Where a contract calls for a series of acts over a long term, a material breach may arise upon a single occurrence or consistent recurrences which tend to "defeat the purpose of the contract." In applying the test of materiality to such contracts a court should evaluate "the ratio quantitatively which the breach bears to the contract as a whole, and secondly the degree of probability or improbability that such a breach will be repeated." [Magnet, supra, 318 N.J. Super. at 286 (quoting Medivox Prod., supra, 107 N.J. Super. at 59).]

Consequently, the breach itself must be material and the provision breached must be an "essential" obligation of the contract. That decision is ordinarily one for the finder of fact. Chance, supra, 405 N.J. Super. at 566 (citing Lo Re v. Tel-Air Commc'ns, Inc., 200 N.J. Super. 59, 72-73 (App. Div. 1985)).

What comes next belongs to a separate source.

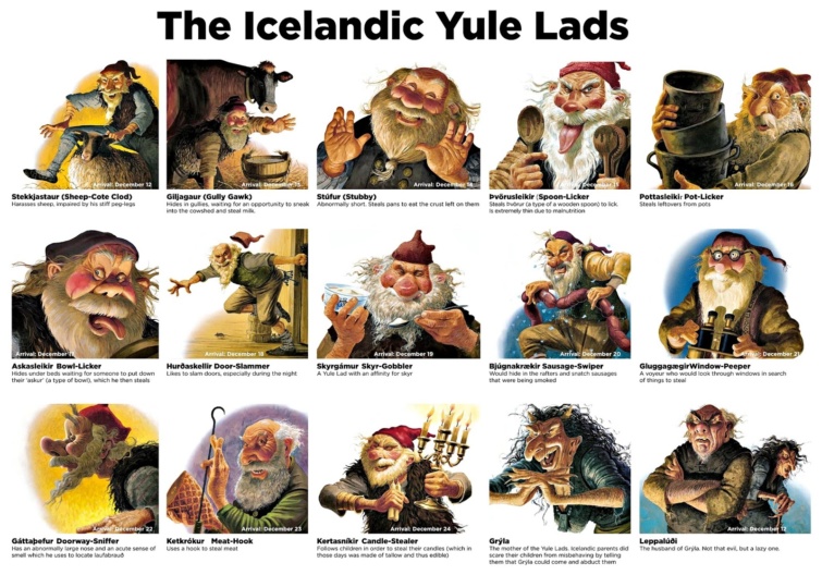 Egészen pontosan tizenhárom troll jön le a hegyekből, izlandi nevükön “Jólasveinar”, és nem egyetlen éjszaka, hanem december 12. és 24. között éjszakánként egy.

In the case before us, at the return of the order to show cause and on the summary judgment motion, the judge relied upon conflicting certifications to find that there was no material breach of the settlement agreement. Our review of the record leads us to the conclusion that there were genuine issues of material fact as to whether there was a breach of Tamburro's obligations under Paragraph 3 and, if so, whether it was a material breach of an essential provision of the settlement agreement, such that further performance by the Board was excused. Consequently, the judge should have held an evidentiary hearing rather than deciding the factual issues on the basis of conflicting certifications. See R. 4:46-3(b):

If after the inquiry prescribed by paragraph (a) of this rule [concerning disputed and undisputed facts] it appears to the court at the hearing of the motion that the case may be fully or partially adjudicated upon limited testimony, with or without specific further discovery, the court shall, if practicable, enter an order fixing a date certain for the trial of specifically identified disputed factual issues and, if appropriate, fixing the subject, mode, and time for completion of discovery.

Because this action was brought in the Chancery Division, a mini-bench trial on those limited factual issues would be appropriate. See Agurto v. Guhr, 381 N.J. Super. 519, 531 (App. Div. 2005).

Reversed and remanded for further proceedings consistent with this opinion.